Saturday, October 30, 2010

Metal Parade, Inc. Part 5

Shehera glided and galumphed through work, ostensibly in a haze. Everyone assumed she was perpetually high. The office aberration, her whole constitution was outre - especially in a metalcrunching environment. Jim, her favorite miner who had fled the previous week, used to joke, "Commune's that way, m'dear. Boy, you're really lost if you've ended up here!" A Stockade causalty, he fled Metal Parade after his last big deal. He had saved up just enough metal to survive as an ascetic for a few years, living his dream of becoming a full-time painter.
He confided in her one day on a smoke break: "After the Stockade cracked, I lost everything. I lost my chariot, had to break my lease on Plantation Ave. and move in with my brother and sister-in-law, sold basically everything..." He sniffed. "...but the worst part was...was losing my friends. Or rather who I thought were my friends. It was devastating, to be honest." His head shook in residual bitterness. "I get ejected, and suddenly they don't know me from Adam. Since I'm not in the field, I'm out of the gang. Buncha jerks." He inhaled. "I should've seen it coming, though. Down at the Stockade, everything is metal. And everyone. However these were men I confided in; men I thought would be there for me through tough times, as they always had. We spent so much time together over the years that I considered them brothers. Hah! If you can't make them metal, they don't give a damn whether you're doing great or about to slice your wrists. They're too busy drowning in booze and powder, getting clam-" He flustered. "excuse my language - collecting toys to outdo eachother with, showing off their trophy families, taking their mistresses on lavish vacations..." His eyes cast downward in shame. "Story of my life. My former one. I guess everyone's just doing the best that they know how to, but it still hurts sometimes. So many years I could've been making art, desecrated because I flushed myself into a sewer of metal. And when it was all over, I was broken. I had a whole life, an entire identity, deleted before my very eyes. Nothing left but static."

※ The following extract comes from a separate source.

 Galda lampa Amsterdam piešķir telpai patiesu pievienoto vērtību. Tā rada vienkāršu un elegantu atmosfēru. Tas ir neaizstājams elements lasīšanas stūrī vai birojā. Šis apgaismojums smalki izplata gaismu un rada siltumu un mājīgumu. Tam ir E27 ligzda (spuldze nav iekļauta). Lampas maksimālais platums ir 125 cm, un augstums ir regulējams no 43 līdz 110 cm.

He looked outward. "It was a blessing. A genuine blessing. I had so much to unlearn. After the pain of loss eased, it was liberating! This time next month, I'll be living my life as it was meant to be lived." He shined, irreducibly content.
"That's inspiring," Shehera mused.
" Sorry. You didn't come out here to hear the sob story of an old man," he muttered sheepishly. "Although I'm sure you'll hear many more sad and disturbing things in this purgatory.”

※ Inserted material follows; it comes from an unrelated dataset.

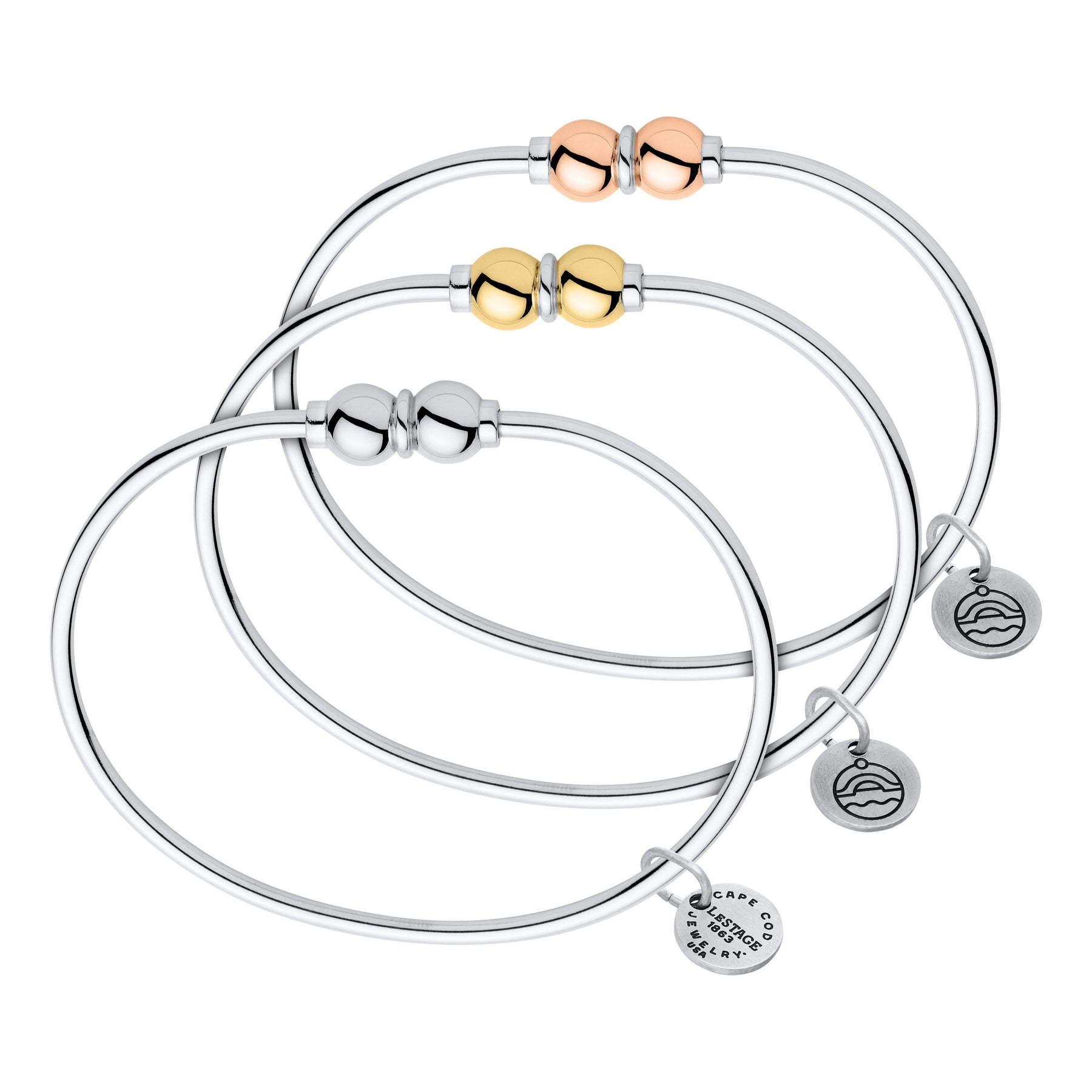 All Cape Cod bracelets are made with solid sterling silver and solid 14k gold. Bracelets are never gold plated. Available in all Sterling Silver, Sterling Silver with two 14K Yellow Gold Balls, or Sterling Silver with two 14K Rose Gold Balls. Prices will vary.

Shehera hesitated. "How exactly did you end up at Metal Parade?"
"An Ad on Bob's Mess," he laughed. "Go figure. My prayers to reputable companies all went unanswered. My iron was dangerously low, and I needed some fast. Who ends up here otherwise?" They laughed. "How did YOU end up here?"
"A friend."
"A friend?!" Jim repeated sarcastically. "In this place?" They laughed.
"My old driver was a monster, and old co-dregs unsociable. I needed a change."
Jim looked alarmed. "You sure this isn't the same cheese, different mousetrap?"
"Oh." Shehera ruminated for a moment. "Well, metal is metal, right?"
"In the short term...yes." Jim was uneasy. "But you can't be in a pit like this for too long without it messing with you. This kind of environment will distort your outlook, your values..." He puffed harder. "Metal is important; you HAVE to have metal. But you also have to have a purpose outside of yourself. Otherwise the excess metal turns you into an overgrown infant, living only to satiate every little impulse and urge. Look at most of these miners: no goals. Just delusions of becoming a millionaire."
Shehera chanced to ask him, "How long have you been doing this for?"
"I've been in ironwork in some form or another for over 25 years now." He angered. "It's all I know how to do to make metal in this mess of a society. As for this place..." He drew a breath. "Metal Parade has been, in 26 months: long hours of torture, a lot of good luck, a lot of holding my tongue, and I'm DONE. Pimping out metal brings out the worst in everyone involved." Shehera cringed, thinking of how many people Jim must've screwed to earn top commission. "The thrill of the catch is a trap. 'Get the metal, and get out!' That's been my philosophy here." He looked at her in gravity. "Don't you get stuck."
She laughed. "Never!"

Shehera stamped out the butt. She welled with compassion. "Good luck in the City of Love. I'm glad you're finally free."
"Thank you," Jim replied quietly, and grinned. Bowing nobly as he backed away, his last words to her: "I'll see you on the Seine."